Möchten Sie ein Dankbarkeitstagebuch anfangen? Oder einfach nur am Abend vor dem Einschlafen freihändig all die Erlebnisse auflisten, die Ihr Herz weit aufmachen? Die Augen der Seele offen halten, mehr als nur ein paar kurze Momente lang, ehe wir wieder ins Vollzeit-Übersehen abrutschen. Die Welt braucht unsere lachenden Lippen und eine schiefe Weltsicht, um sie ein bisschen aus der Bahn ins Gleichgewicht zu rücken.
Wir haben die Freiheit, uns in Sicherheit einzusperren.
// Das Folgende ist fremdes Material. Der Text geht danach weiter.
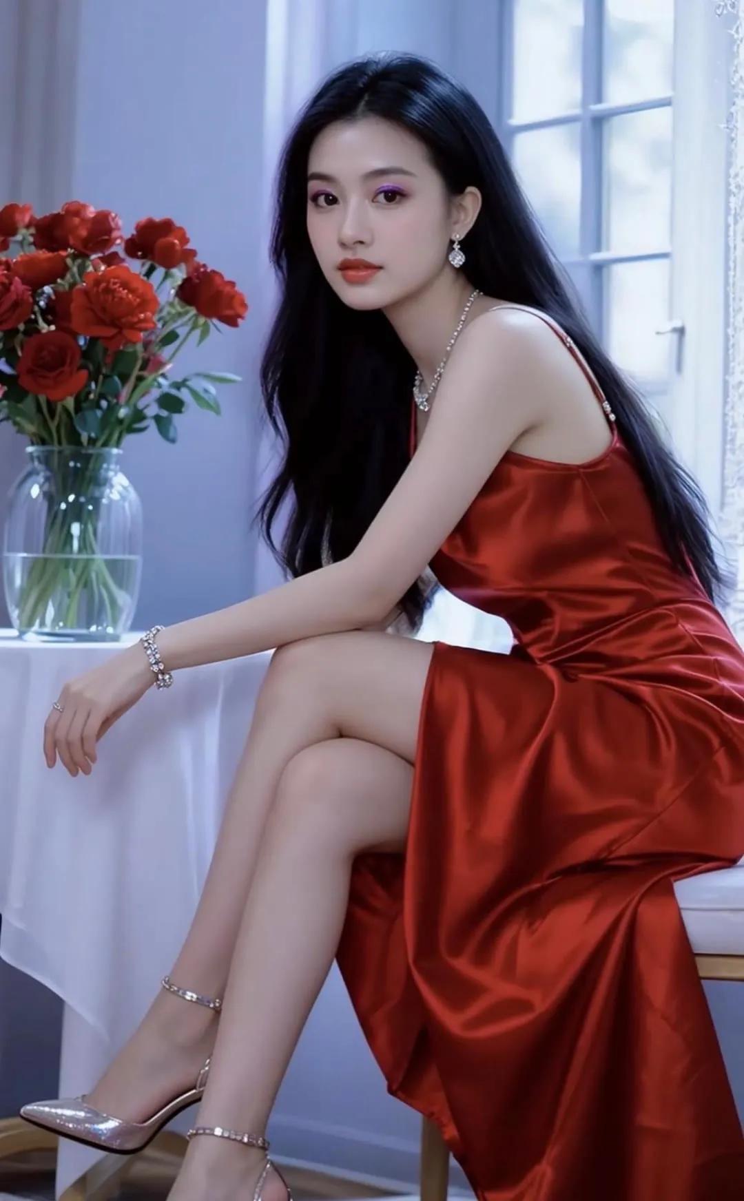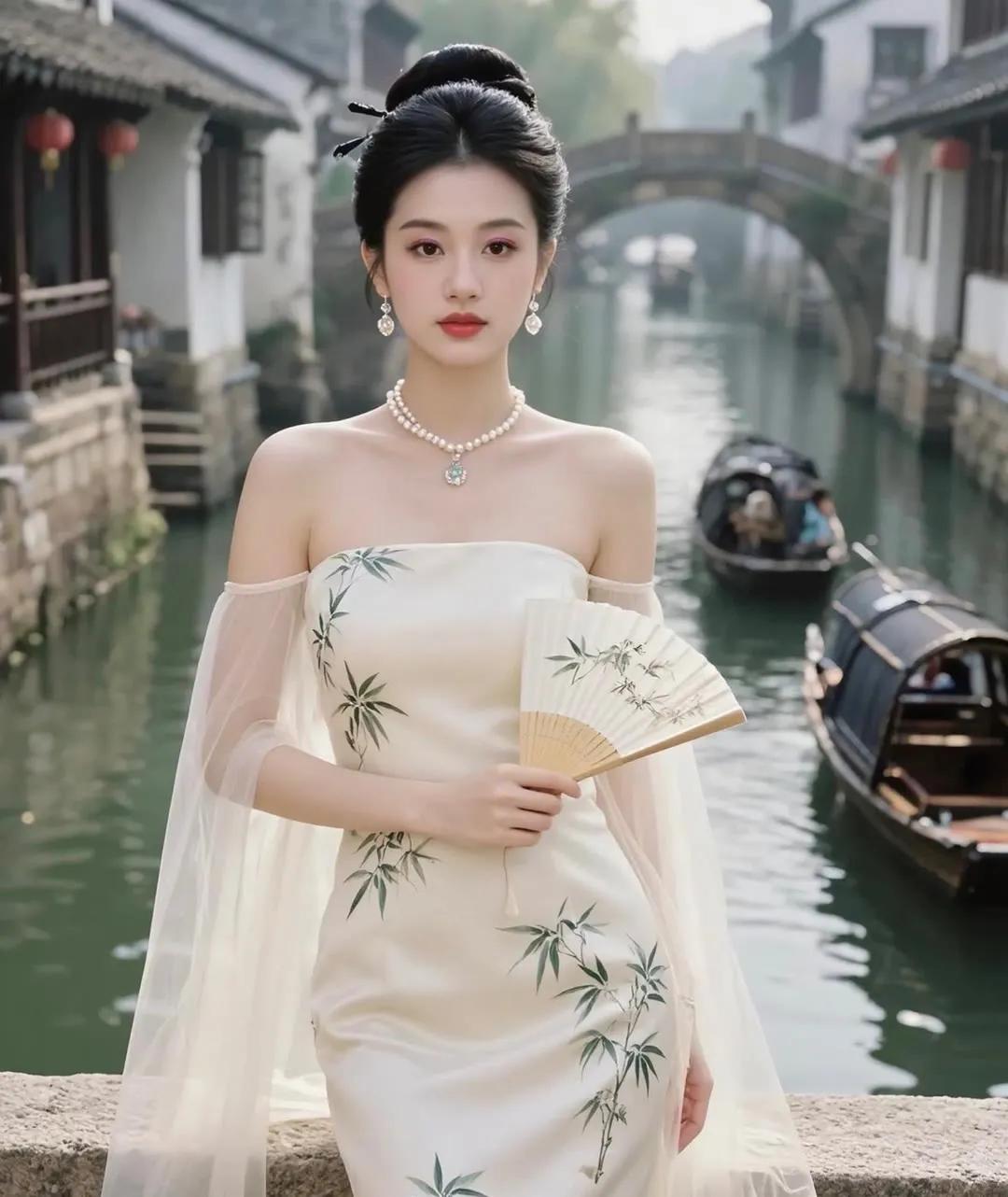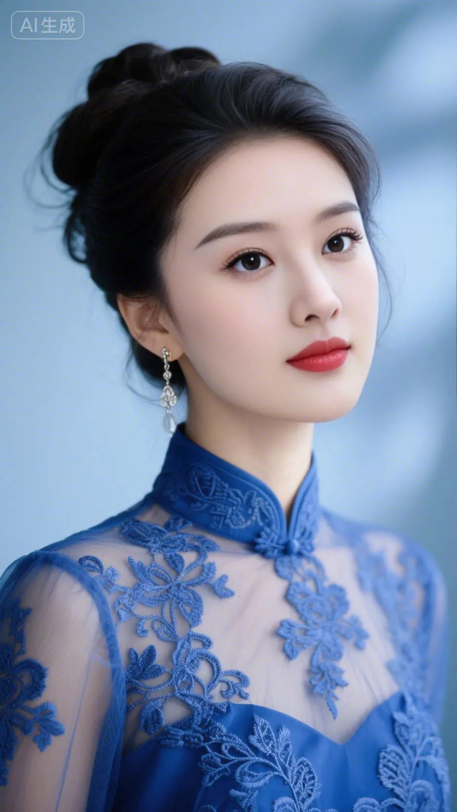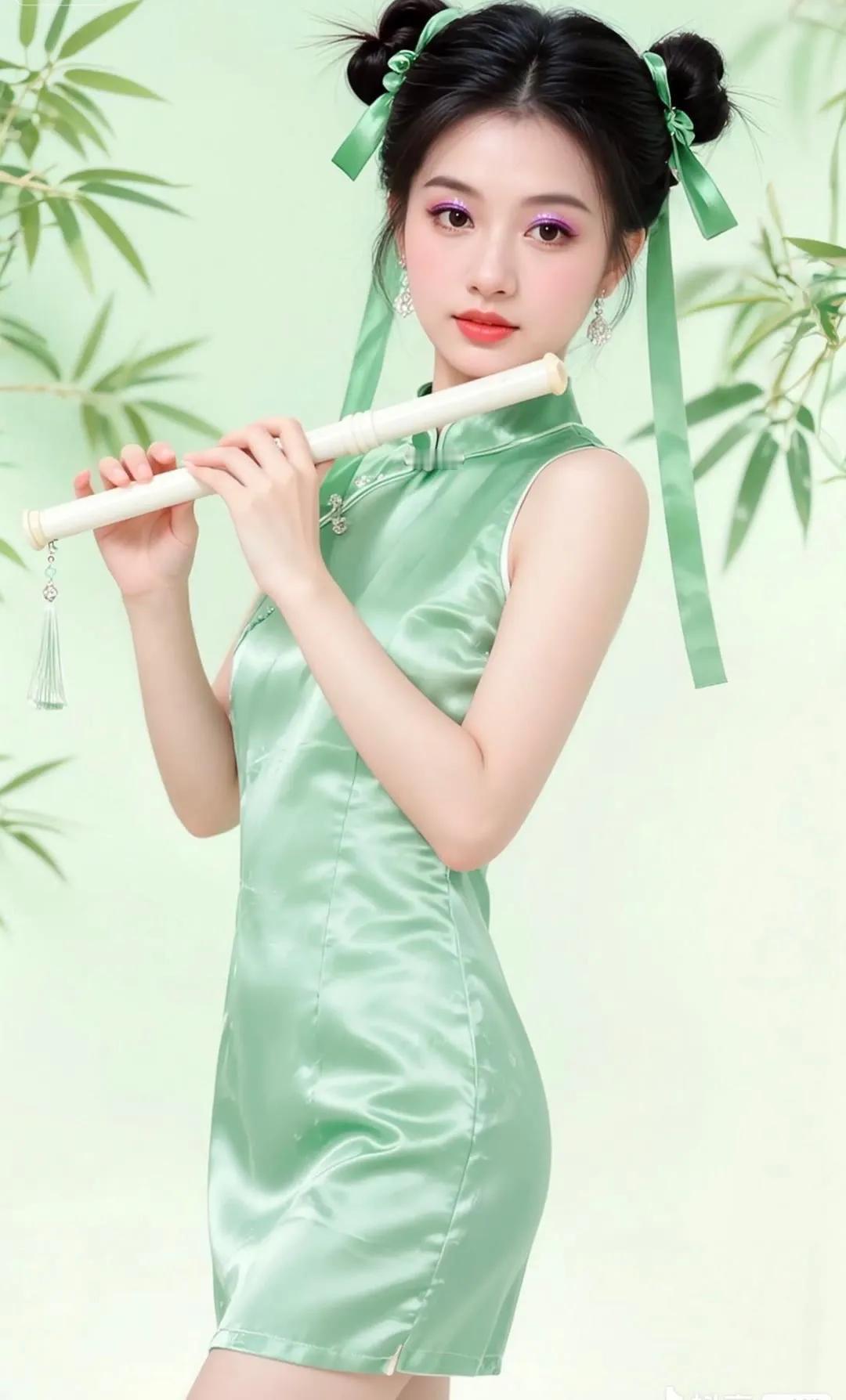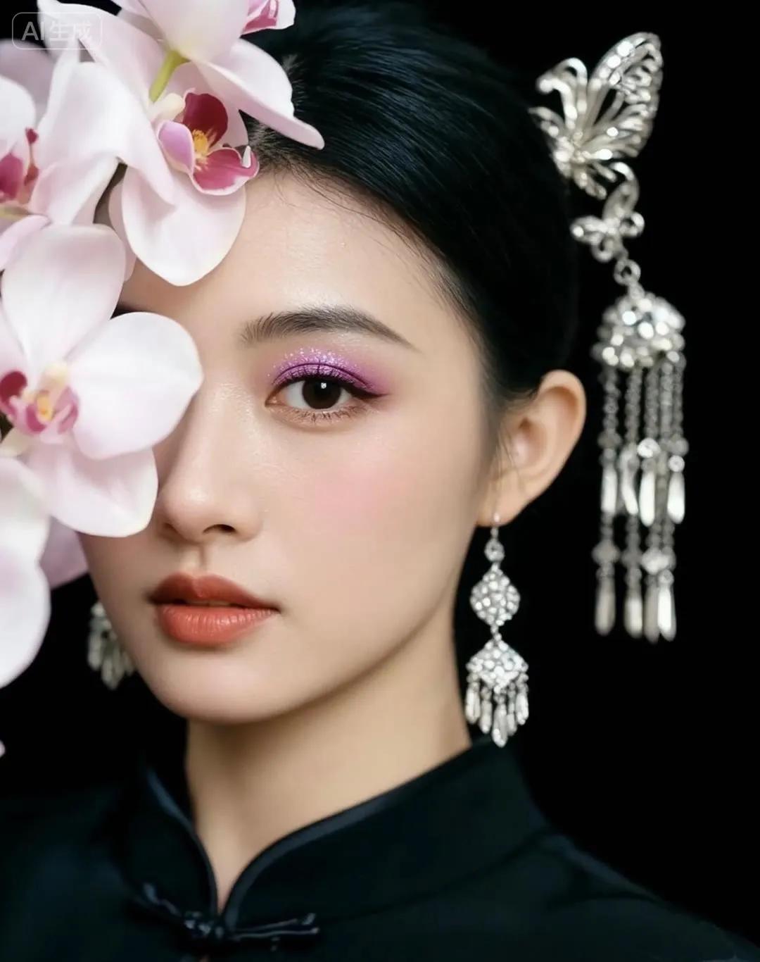 古典旗袍美人,优雅姿态,花饰点缀,韵味十足。

Oder uns jeden Tag neu zu erfinden, Verletzung und Misserfolg zu riskieren und zu überwinden. Jeder Moment ist der potentielle neue Lebensabschnitt, an dem wir die Diplome abheften und persönliche Stärken zum Beruf machen können. Falls es den Job nicht gibt, dann erfinden wir ihn eben. Handyverkauf und Webdesign sind nicht gerade jahrhundertealte Traditionsberufe.
Zur Vorbeugung gegen Abstumpfungssymptome verschreiben wir uns, Gewohntes umzugraben, Neugier zu kolonisieren. Erzählen Sie Ihrem außerirdischen Freund von einem typischen Tag. Ich stehe auf (was ist das?), steige in den Zug (in den was?) und fahre in die Stadt (eine?). Die Seele nährt sich gerne an Winzigkeiten. Lächeln statt Stirnrunzeln während wir vor dem Computer sitzen – das Gesicht spiegelt alle Emotionen, die sich darauf abzeichnen, nach innen zurück. Wir können uns jederzeit anschließen an die Batterien des sinnlichen Genießens. Die Sterne glitzern, unbeirrt von unserem sturen Wegsehen. Sie hören nicht auf zu leuchten, nur weil wir mal wieder lieber in die Röhre gucken oder Pflichtlisten oder Vergangenheitsfilme abspulen. Es lohnt sich, ab und an zu drastischeren Mitteln zu greifen, um die spektakulären Spektakel um uns herum nicht permanent auszublenden. Uns daran zu erinnern, wie viel Unselbstverständliches wir als selbstverständlich abtun. – Stellen Sie sich vor, Sie bekämen die Diagnose, in drei Monaten Ihr Augenlicht zu verlieren. Nach dem Unfall nie wieder auf den Beinen zu stehen. Warum fällt es uns so selten auf, dass wir Treppen steigen können, Brücken überqueren? Musik vernehmen, auch wenn sie gar nicht aus dem Radio kommt?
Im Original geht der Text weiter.